Moles to Equivalents Converter
Common Conversions
| mol | eq |
|---|---|
| 0.01 | 0.01 |
| 0.1 | 0.1 |
| 0.5 | 0.5 |
| 1 | 1 |
| 2 | 2 |
| 5 | 5 |
| 10 | 10 |
| 0.5 | 1 |
| 1 | 2 |
| 1 | 3 |
| 1 | 5 |
Why this conversion matters in chemistry
Acid-base titration math runs on equivalents rather than moles because what the titrant consumes is one proton (or electron) per reactive site. 0.050 mol of H₂SO₄ gives 0.100 equivalents of acid — the base needed to reach the second endpoint. 0.050 mol of Na₂CO₃ gives 0.100 equivalents for full neutralization to CO₂. The mole-equivalent step normalizes different polyprotic acids, polyatomic bases, and multi-electron oxidants onto a common titration scale. The valence factor n is reaction-specific, not intrinsic to the substance.
Formula
eq = mol × n (where n = valence factor for the reaction)
Worked Examples
1 mol HCl = 1 eq
HCl donates 1 H⁺, so n = 1; 1 mol = 1 eq.
1 mol H₂SO₄ = 2 eq
H₂SO₄ donates 2 H⁺, so n = 2; 1 mol = 2 eq for full neutralization.
1 mol Ca(OH)₂ = 2 eq
Ca(OH)₂ provides 2 OH⁻, so n = 2.
1 mol KMnO₄ = 5 eq
In acidic solution MnO₄⁻ gains 5 e⁻, so n = 5 for the redox reaction.

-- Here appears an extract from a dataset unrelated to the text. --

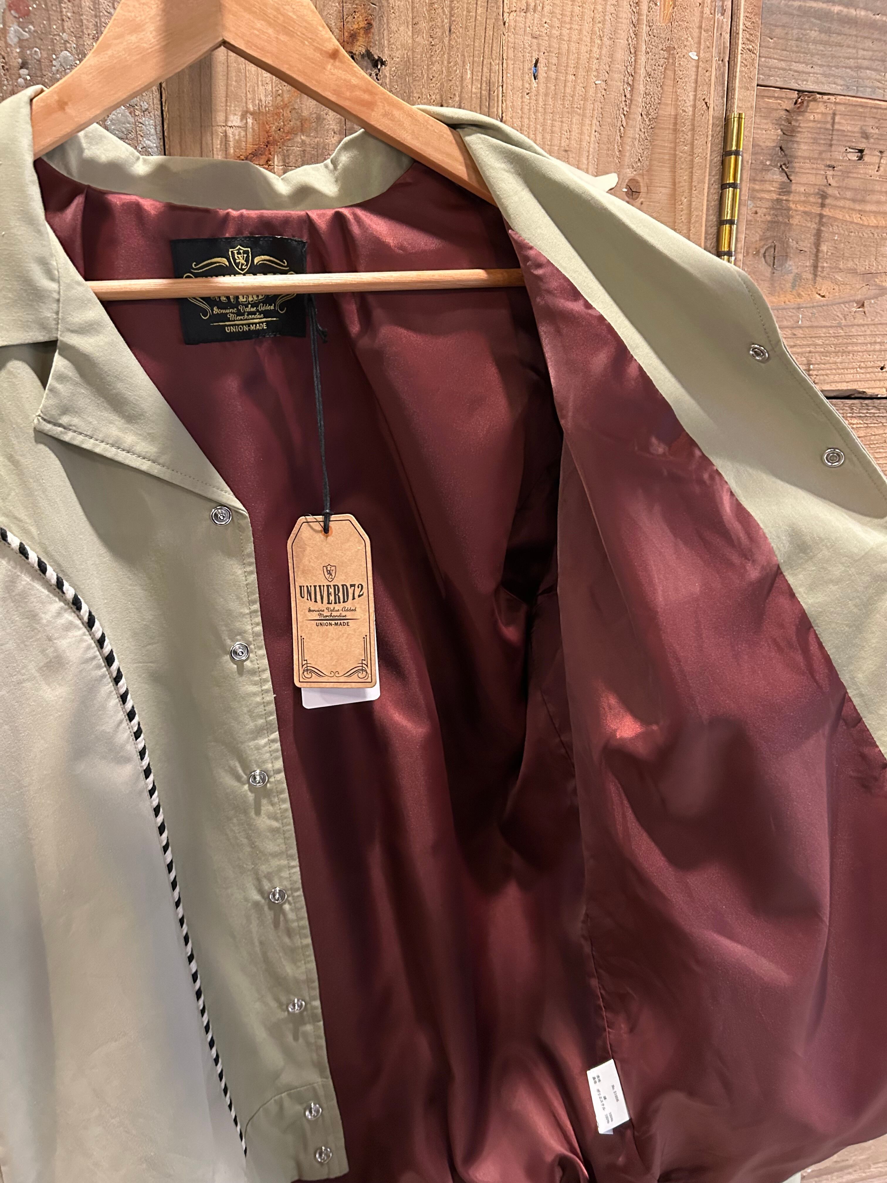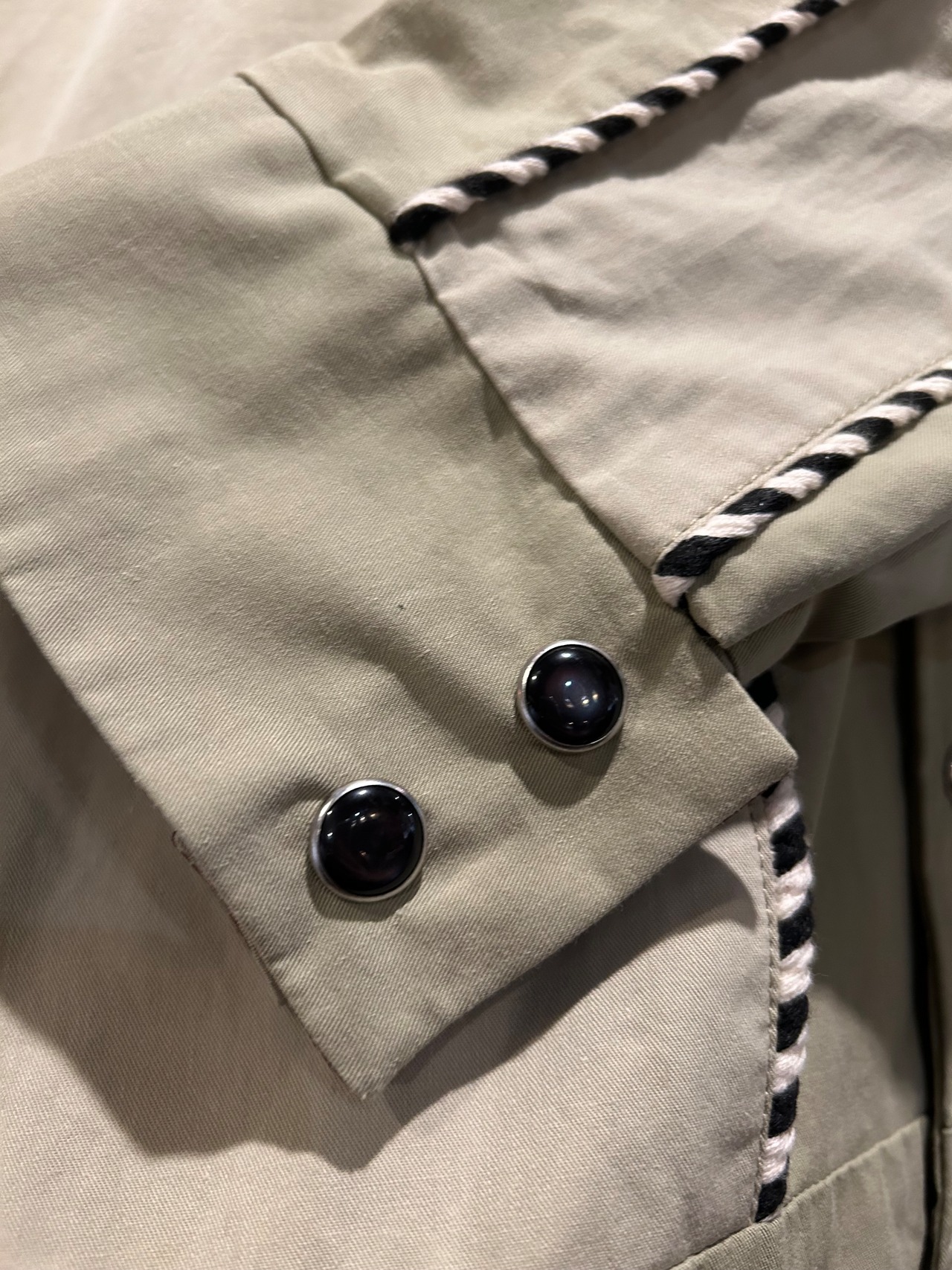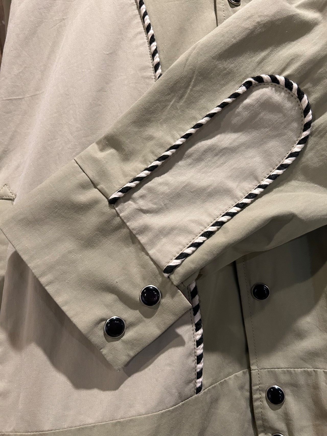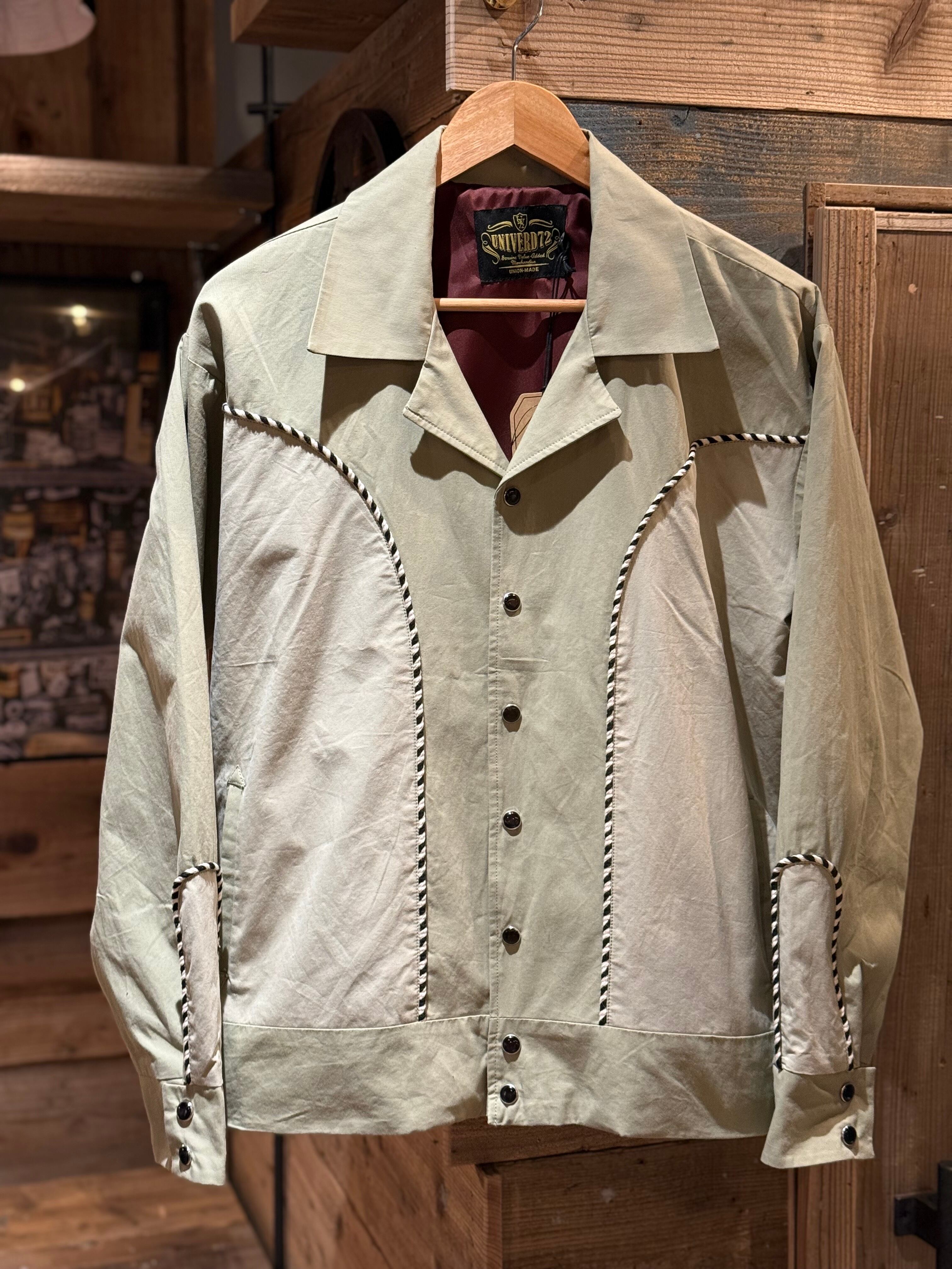 着心地の良いコットンツイル素材を使用したウエスタンジャケット。配色使いの見頃にパイピングを施したデザインがシンプルかつレトロなアイテム。

Frequently Asked Questions
What is an equivalent?
An equivalent is the amount of substance that reacts with or supplies one mole of H⁺, OH⁻, electrons, or charges, depending on the reaction type. The definition depends on the reaction context, not on the substance alone.
How do I convert moles to equivalents?
Multiply by the valence factor n: for acids, n = number of H⁺ donated; for bases, n = OH⁻ provided; for redox, n = electrons transferred. The factor depends on the specific reaction.
Is the equivalent concept still used?
Yes, but less than before. IUPAC discourages equivalents in favor of moles with explicit stoichiometric context. The notation survives in clinical chemistry (mEq/L) and in some normality-based titration work.
How do equivalents relate to normality?
Normality (N) = equivalents per liter, equivalently N = M × n where M is molarity and n is the valence factor. So a 0.1 N H₂SO₄ solution is 0.05 M (since n = 2 for sulfuric acid in a full neutralization).